If a school district does not wish to participate in the statewide, standardized assessment program, the district may choose to annually administer an English Language Arts national, norm-referenced assessment for students in grades 3 through 11; annually administer a mathematics national, norm-referenced assessment for students in grades 3 through 8; and administer a science national, norm-referenced assessment once for students at the elementary school level and once for students at the middle school level. If a district does not wish to administer the national, norm-referenced assessments online, the district shall administer paper-based assessments. Funds designated for the statewide, standardized assessment program shall be used to procure and administer the district-selected, national, norm-referenced assessment. The Commissioner of Education shall maintain a list of pre-2009 national, norm-referenced assessments identified pursuant to s. 1002.395. A district, including instructional personnel, shall not be negatively impacted for not participating in the statewide, standardized assessment program, including, but not limited to, negative implications regarding district and school grades and personnel evaluations.”

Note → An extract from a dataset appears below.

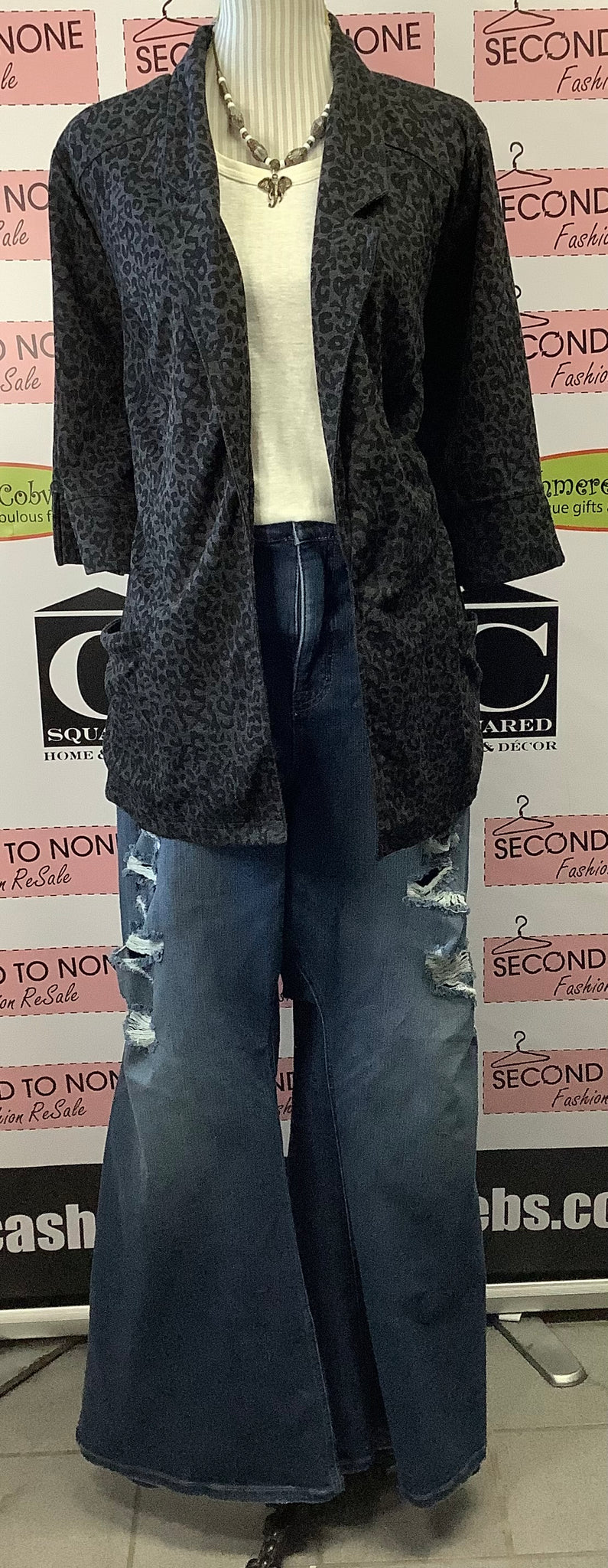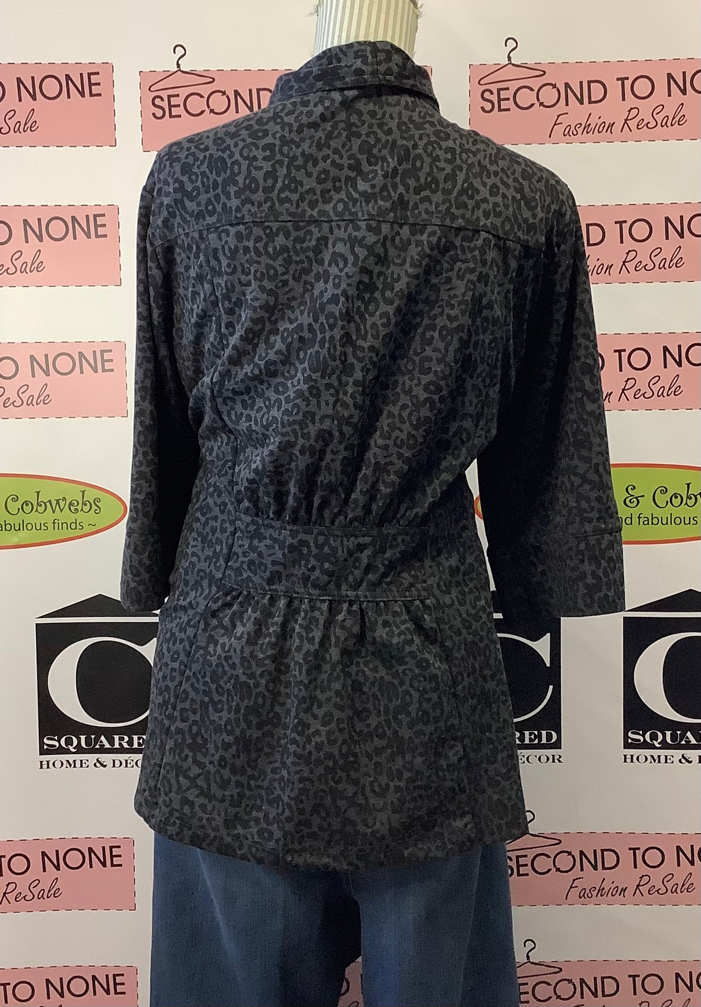 Step out in style with this fun and fashionable animal print blazer. Embrace wild style with its black and grey leopard spots and show off your sassy side with the cropped sleeves and slits! This open fit blazer features a collar and pouch pockets for a touch of practicality. Unleash your inner fashionista with this bold and eye-catching piece! 77% Polyester, 20% Rayon, 3% Spandex.

Two things, if it is good enough for voucher schools then it should be good enough for public schools right and second if the state really believes in parental choice and them knowing whats best for their children then how can they not pass this bill? If they don’t then all standardized testing is, is an excuse to punish teachers and schools.

This the most far reaching and best proposal yet. 

To read more, click the link:  http://www.tampabay.com/blogs/gradebook/florida-house-member-files-bill-to-allow-testing-opt-out/2218486

2 Replies to “Will districts soon be able to opt out of the state tests?”

  1. I remember taking the Stanford Achievement Test in Elementary school (here in Duval back in the 60's). Always scored in the 90 percentiles (patting self on back). Education worked back then. Things were simple. Everyone knew where they stood. Remedial activities were available. When did everything have to become someone's fault? And when was it decided to go after scapegoats? Find the supporters of these policies and you will find the problem.

    I think I'll start with the Bushs….George W ,and Little Jeb (not the Azaleas, they're pretty in the Spring).

  2. I'm in the middle of a book about the history of teaching. For the most part, the trend of teacher blame is quite constant. When it comes down to it, not everyone in America is high achieving in everything. Why must we only focus on academics? Some kids do better in math or science or history, but no, every child has to be "on level" whatever that means. How can we expect every child to reach mastery when there are so many variables? I went to private schools all of my life. We had the Stanford Achievement test too, but it meant nothing. No one in college cared about those results.